L’approche de l’élargissement de l’Union européenne, le 1er mai prochain relance le débat sur le positionnement de l’Europe face à l’hyperpuissance états-unienne : pôle indépendant ou vassal de l’Empire ?
Pour Pascal Boniface, dans Le Figaro, l’entrée dans l’Union de dix nouveaux membres aux élites atlantistes va se traduire par un accroissement des moyens d’action de Washington sur l’Europe. Toutefois, cette situation ne devrait pas durer. La perte d’intérêt stratégique de ces pays depuis la fin de la Guerre froide et la situation des finances états-uniennes n’inciteront pas Washington à se montrer plus attractif que les pays d’Europe prônant l’indépendance. Aussi, cet affaiblissement du courant autonomiste européen ne saurait être que passager. Cette analyse est partagée, à l’autre extrémité de l’échiquier politique, par Franck Gaffney qui exprime son inquiétude aux lecteurs du Washington Times. Il craint que la « Nouvelle Europe » se détourne de Washington si elle est intégrée dans une Europe qui dispose des moyens de mener une politique étrangère et de défense autonome. Le coordinateur des faucons craint donc tout particulièrement la nouvelle Constitution européenne et s’alarme des positions de Tony Blair à ce sujet. Il convient donc, conseille-t-il à ses lecteurs, de changer de partenaire à Londres et de s’appuyer désormais sur les conservateurs pour y faire obstacle. Ce texte est rédigé au moment où le débat sur le constitution européenne au Royaume-Uni s’accompagne d’une remise en cause de la « relation privilégiée ».

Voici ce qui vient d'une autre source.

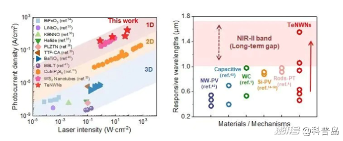 TeNWNs光電流密度和光感重建范圍(圖片來源:復旦大學公眾號)

Cet élargissement remet également en cause le statut de Chypre, divisé entre le Sud grec et le Nord turc depuis 1974. Le 24 avril aura lieu un référendum sur le projet Annan de réunification de l’île dans une structure fédérale, projet qui, d’après les sondages, dispose du soutien des chypriotes turcs, mais est massivement rejeté par les chypriotes grecs. L’International Herald Tribune ouvre ses colonnes aux partisans internationaux du « oui » qui adoptent la stratégie de la carotte et du bâton. Javier Solana affirme que l’Union européenne respectera le choix exprimé, mais est favorable au plan et a déjà prévu un budget pour aider l’île réunifiée et y soutenir l’intégration, Chypre a donc intérêt à ratifier le plan Anann. Gareth Evans et Martti Ahtisaari se font beaucoup plus menaçants : au cas où l’une des deux communautés voterait en faveur du « non », celle-ci perdrait la « sympathie de la communauté internationale ». Chypre n’a donc pas intérêt à ne pas ratifier le plan.

Le journaliste Charles Enderlin présente la triste situation au Proche-Orient dans Libération. Aujourd’hui tout est en place pour qu’Ariel Sharon réalise le plan qu’il décrivait dans son autobiographie rédigée en 1989 : construire un grand Israël dominant stratégiquement la région et ne laisser aux Palestiniens que des parcelles de territoires disjoints qui seront les « États de Palestine ». Le représentant de l’Autorité palestinienne au Royaume-Uni, Afif Safieh rejoint cette analyse dans le Guardian et rappelle que ce sont Washington et Londres qui ont rendu possible l’application de ce plan. Si le soutien des États-Unis à Israël est ancien et peut s’expliquer par un contexte historique et domestique et par la personnalité de Bush, le soutien tacite du Royaume-Uni est plus surprenant, et ce d’autant qu’il va à l’encontre des aspirations des Britanniques. Cette stratégie ne s’explique donc que par le suivisme de Tony Blair vis-à-vis de la politique états-unienne.

Enfin, le très polyvalent Mansoor Ijaz présente un portrait inquiétant des musulmans européens aux lecteurs du Los Angeles Times. Pour l’auteur, cette population représente, pour reprendre l’expression consacrée, un « vivier pour les terroristes ». Il faut donc, après avoir pris quelques mesures symboliques comme des nominations de musulmans dans les appareils de sécurité, organiser et encadrer les communautés musulmanes pour mieux les garder sous surveillance. On observera les convergences de ce texte avec les propos de Nicolas Sarkozy, lorsqu’il était ministre de l’Intérieur, sur la nécessité de nommer un « préfet musulman » en France.